Try it:
In the entries that follow, find the line containing "在全市招商引资大会上的讲话过" and the line containing "[This review was", then retype exactly the lines from the first through the second, pictures excluded.

Data section:

----

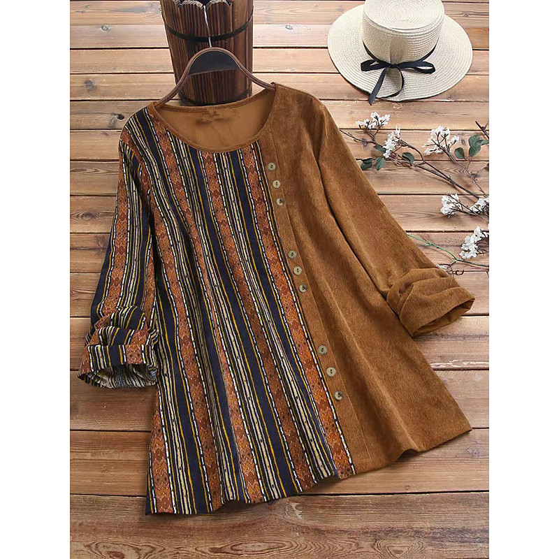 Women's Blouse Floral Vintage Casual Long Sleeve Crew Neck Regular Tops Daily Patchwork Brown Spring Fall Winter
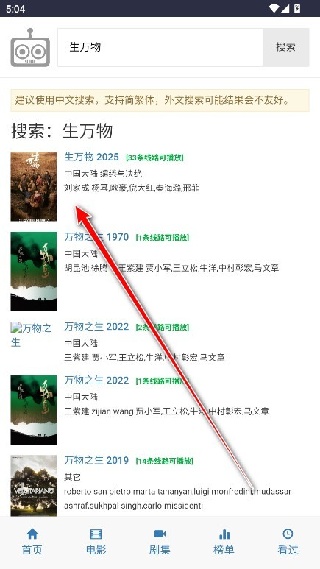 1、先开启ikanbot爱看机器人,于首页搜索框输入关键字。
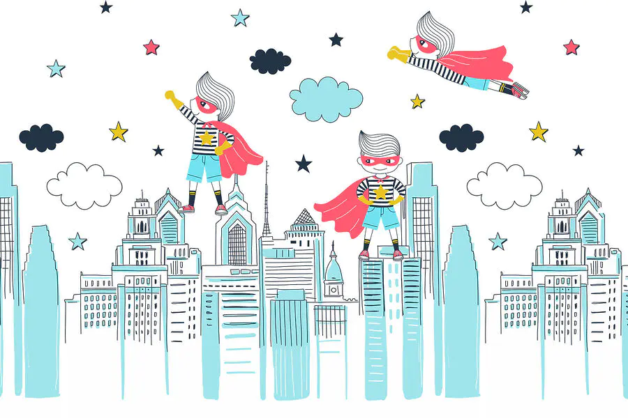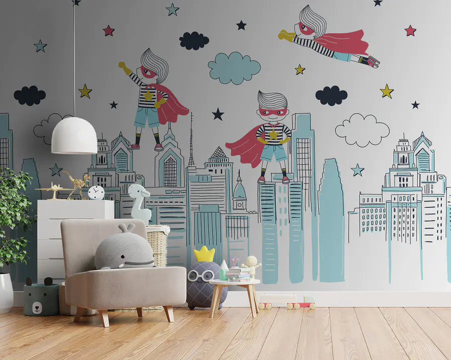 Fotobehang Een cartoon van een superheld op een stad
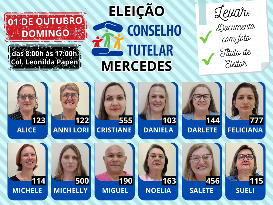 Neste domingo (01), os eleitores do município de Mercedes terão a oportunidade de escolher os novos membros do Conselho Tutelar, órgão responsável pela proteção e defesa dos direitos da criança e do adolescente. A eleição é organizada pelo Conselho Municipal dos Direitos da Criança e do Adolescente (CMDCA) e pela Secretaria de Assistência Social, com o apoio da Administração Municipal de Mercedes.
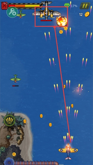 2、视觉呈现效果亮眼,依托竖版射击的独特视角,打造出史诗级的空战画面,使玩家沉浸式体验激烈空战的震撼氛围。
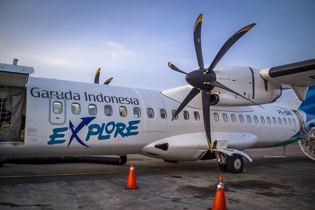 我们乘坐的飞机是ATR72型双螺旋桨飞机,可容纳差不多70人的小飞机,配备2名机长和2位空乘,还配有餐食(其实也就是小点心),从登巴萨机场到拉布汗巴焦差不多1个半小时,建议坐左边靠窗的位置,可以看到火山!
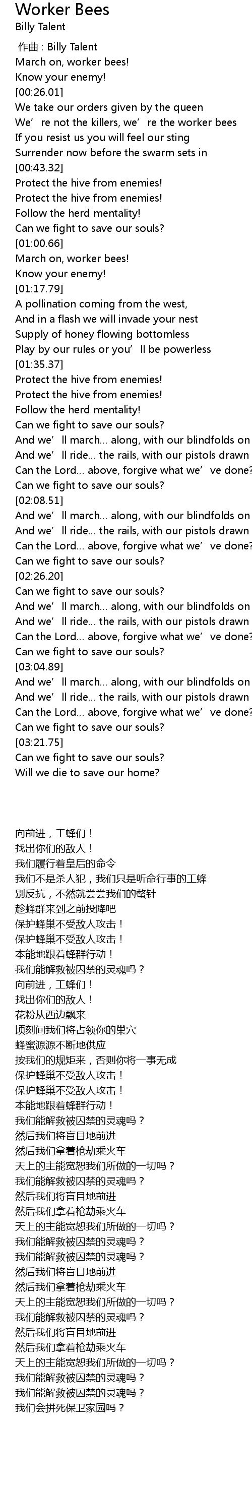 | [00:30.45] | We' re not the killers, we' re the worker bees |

----

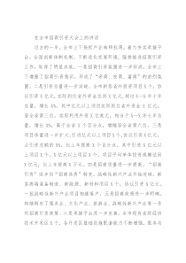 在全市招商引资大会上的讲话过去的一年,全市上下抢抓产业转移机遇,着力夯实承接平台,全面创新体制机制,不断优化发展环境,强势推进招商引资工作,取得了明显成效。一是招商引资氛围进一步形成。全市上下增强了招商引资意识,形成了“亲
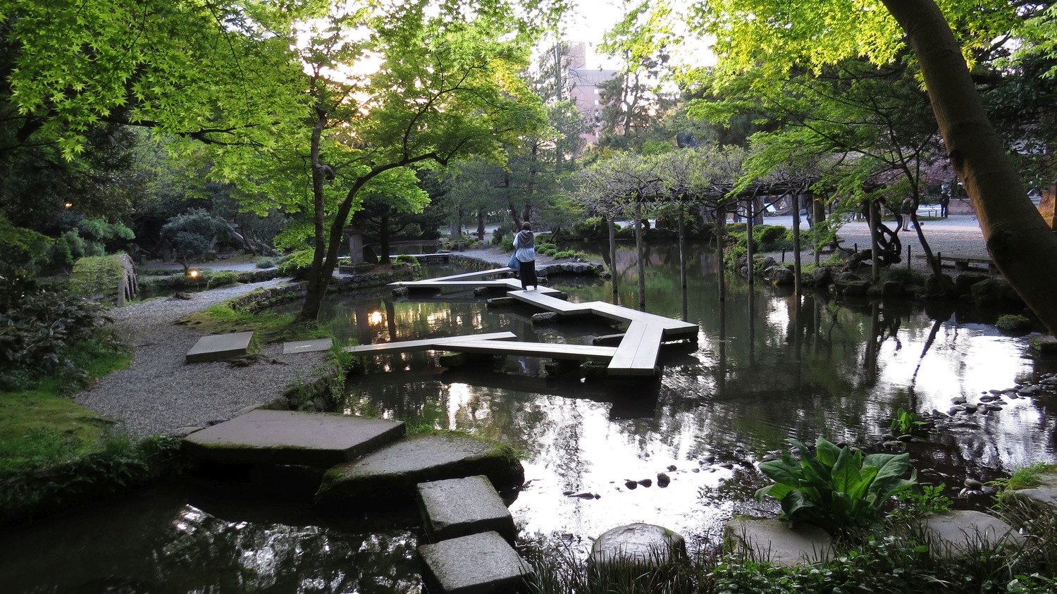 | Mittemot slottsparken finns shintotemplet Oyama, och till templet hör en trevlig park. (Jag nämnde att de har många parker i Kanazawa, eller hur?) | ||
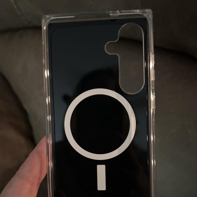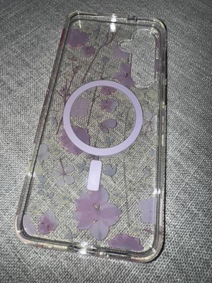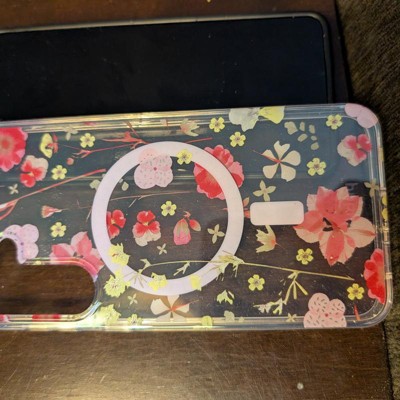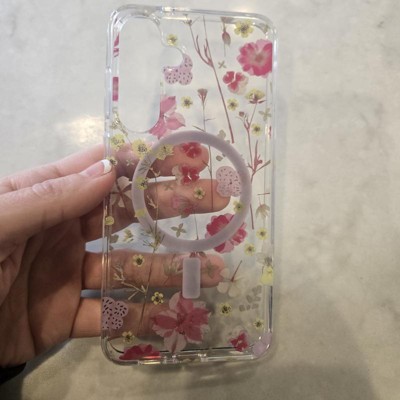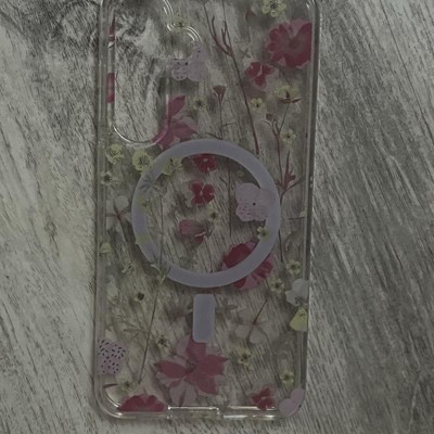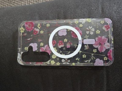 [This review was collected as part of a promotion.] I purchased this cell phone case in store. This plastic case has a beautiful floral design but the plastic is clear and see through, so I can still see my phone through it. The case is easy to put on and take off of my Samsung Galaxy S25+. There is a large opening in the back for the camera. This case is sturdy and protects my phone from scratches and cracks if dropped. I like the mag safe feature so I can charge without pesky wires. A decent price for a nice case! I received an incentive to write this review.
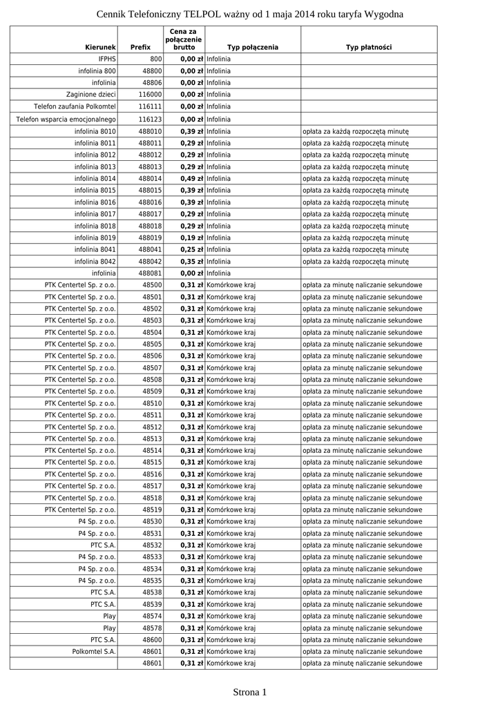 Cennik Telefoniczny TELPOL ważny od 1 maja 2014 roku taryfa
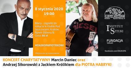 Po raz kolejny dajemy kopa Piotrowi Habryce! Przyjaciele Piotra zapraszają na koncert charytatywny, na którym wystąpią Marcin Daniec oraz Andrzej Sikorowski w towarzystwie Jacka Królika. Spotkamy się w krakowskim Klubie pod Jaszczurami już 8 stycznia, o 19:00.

----

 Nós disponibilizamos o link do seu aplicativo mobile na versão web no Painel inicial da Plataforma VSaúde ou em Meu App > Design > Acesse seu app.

----

Reply:
 在全市招商引资大会上的讲话过去的一年,全市上下抢抓产业转移机遇,着力夯实承接平台,全面创新体制机制,不断优化发展环境,强势推进招商引资工作,取得了明显成效。一是招商引资氛围进一步形成。全市上下增强了招商引资意识,形成了“亲
 | Mittemot slottsparken finns shintotemplet Oyama, och till templet hör en trevlig park. (Jag nämnde att de har många parker i Kanazawa, eller hur?) | ||
 [This review was collected as part of a promotion.] I purchased this cell phone case in store. This plastic case has a beautiful floral design but the plastic is clear and see through, so I can still see my phone through it. The case is easy to put on and take off of my Samsung Galaxy S25+. There is a large opening in the back for the camera. This case is sturdy and protects my phone from scratches and cracks if dropped. I like the mag safe feature so I can charge without pesky wires. A decent price for a nice case! I received an incentive to write this review.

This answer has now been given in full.